— REQUIREMENT —
Restate word for word the lines below, from the one containing "Описание товара Quest" through the final line, with no pictures included.

— PROVIDED DATA —
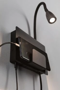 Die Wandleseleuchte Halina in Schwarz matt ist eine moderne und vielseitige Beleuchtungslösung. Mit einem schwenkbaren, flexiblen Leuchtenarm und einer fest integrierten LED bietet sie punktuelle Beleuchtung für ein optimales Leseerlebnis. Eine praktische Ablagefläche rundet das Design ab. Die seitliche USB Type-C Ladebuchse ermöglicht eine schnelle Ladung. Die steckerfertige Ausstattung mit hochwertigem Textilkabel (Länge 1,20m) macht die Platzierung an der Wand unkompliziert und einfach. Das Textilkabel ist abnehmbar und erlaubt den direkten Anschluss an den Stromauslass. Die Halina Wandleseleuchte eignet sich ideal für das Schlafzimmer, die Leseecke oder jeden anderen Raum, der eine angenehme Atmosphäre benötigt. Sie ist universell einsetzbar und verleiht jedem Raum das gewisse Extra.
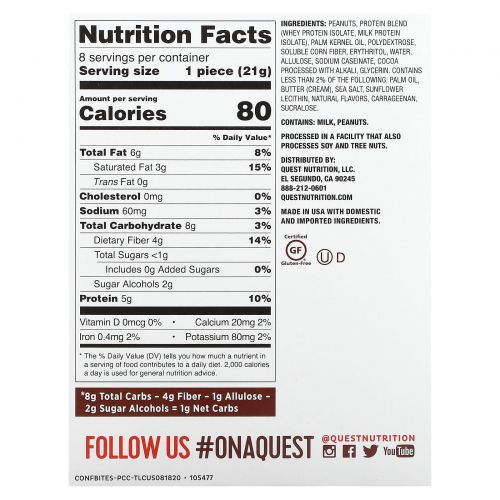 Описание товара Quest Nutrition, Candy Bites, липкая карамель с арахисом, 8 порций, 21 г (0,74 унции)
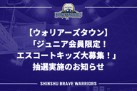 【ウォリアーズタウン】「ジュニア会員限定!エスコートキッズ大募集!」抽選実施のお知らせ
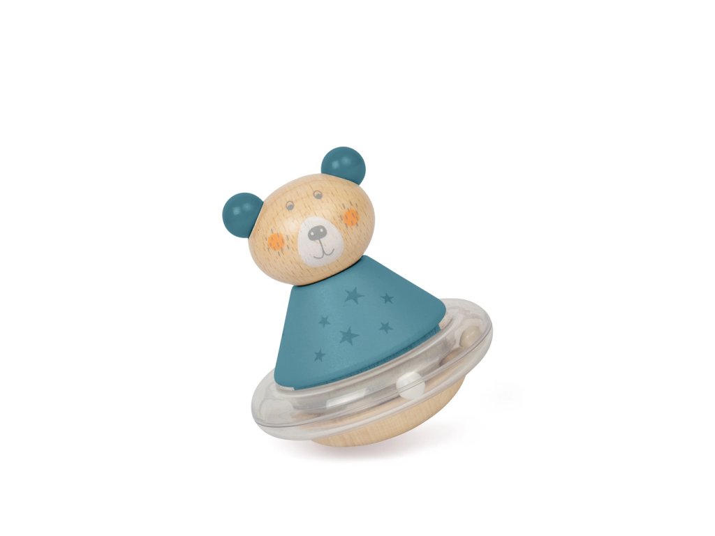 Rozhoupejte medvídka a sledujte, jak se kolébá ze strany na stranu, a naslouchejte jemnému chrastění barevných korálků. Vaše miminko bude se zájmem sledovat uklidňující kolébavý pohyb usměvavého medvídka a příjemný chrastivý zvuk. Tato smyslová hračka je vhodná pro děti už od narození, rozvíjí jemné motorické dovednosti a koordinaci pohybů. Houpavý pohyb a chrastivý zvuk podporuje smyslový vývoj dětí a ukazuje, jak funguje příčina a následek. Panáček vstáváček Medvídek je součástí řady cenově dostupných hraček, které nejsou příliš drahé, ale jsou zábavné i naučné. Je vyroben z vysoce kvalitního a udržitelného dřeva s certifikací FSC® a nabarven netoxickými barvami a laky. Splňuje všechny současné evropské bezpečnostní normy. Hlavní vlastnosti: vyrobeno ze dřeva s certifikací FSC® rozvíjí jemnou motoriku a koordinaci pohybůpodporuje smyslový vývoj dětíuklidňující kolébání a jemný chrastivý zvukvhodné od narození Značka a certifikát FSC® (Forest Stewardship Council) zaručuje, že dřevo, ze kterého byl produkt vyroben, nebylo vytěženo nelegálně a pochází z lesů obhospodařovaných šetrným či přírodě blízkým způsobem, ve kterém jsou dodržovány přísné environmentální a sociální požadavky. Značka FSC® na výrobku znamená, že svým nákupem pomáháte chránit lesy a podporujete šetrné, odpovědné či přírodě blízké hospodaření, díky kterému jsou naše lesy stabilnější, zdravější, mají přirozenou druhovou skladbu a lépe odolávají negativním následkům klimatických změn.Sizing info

— FINISHED EXERCISE —
 Описание товара Quest Nutrition, Candy Bites, липкая карамель с арахисом, 8 порций, 21 г (0,74 унции)
 【ウォリアーズタウン】「ジュニア会員限定!エスコートキッズ大募集!」抽選実施のお知らせ
 Rozhoupejte medvídka a sledujte, jak se kolébá ze strany na stranu, a naslouchejte jemnému chrastění barevných korálků. Vaše miminko bude se zájmem sledovat uklidňující kolébavý pohyb usměvavého medvídka a příjemný chrastivý zvuk. Tato smyslová hračka je vhodná pro děti už od narození, rozvíjí jemné motorické dovednosti a koordinaci pohybů. Houpavý pohyb a chrastivý zvuk podporuje smyslový vývoj dětí a ukazuje, jak funguje příčina a následek. Panáček vstáváček Medvídek je součástí řady cenově dostupných hraček, které nejsou příliš drahé, ale jsou zábavné i naučné. Je vyroben z vysoce kvalitního a udržitelného dřeva s certifikací FSC® a nabarven netoxickými barvami a laky. Splňuje všechny současné evropské bezpečnostní normy. Hlavní vlastnosti: vyrobeno ze dřeva s certifikací FSC® rozvíjí jemnou motoriku a koordinaci pohybůpodporuje smyslový vývoj dětíuklidňující kolébání a jemný chrastivý zvukvhodné od narození Značka a certifikát FSC® (Forest Stewardship Council) zaručuje, že dřevo, ze kterého byl produkt vyroben, nebylo vytěženo nelegálně a pochází z lesů obhospodařovaných šetrným či přírodě blízkým způsobem, ve kterém jsou dodržovány přísné environmentální a sociální požadavky. Značka FSC® na výrobku znamená, že svým nákupem pomáháte chránit lesy a podporujete šetrné, odpovědné či přírodě blízké hospodaření, díky kterému jsou naše lesy stabilnější, zdravější, mají přirozenou druhovou skladbu a lépe odolávají negativním následkům klimatických změn.Sizing info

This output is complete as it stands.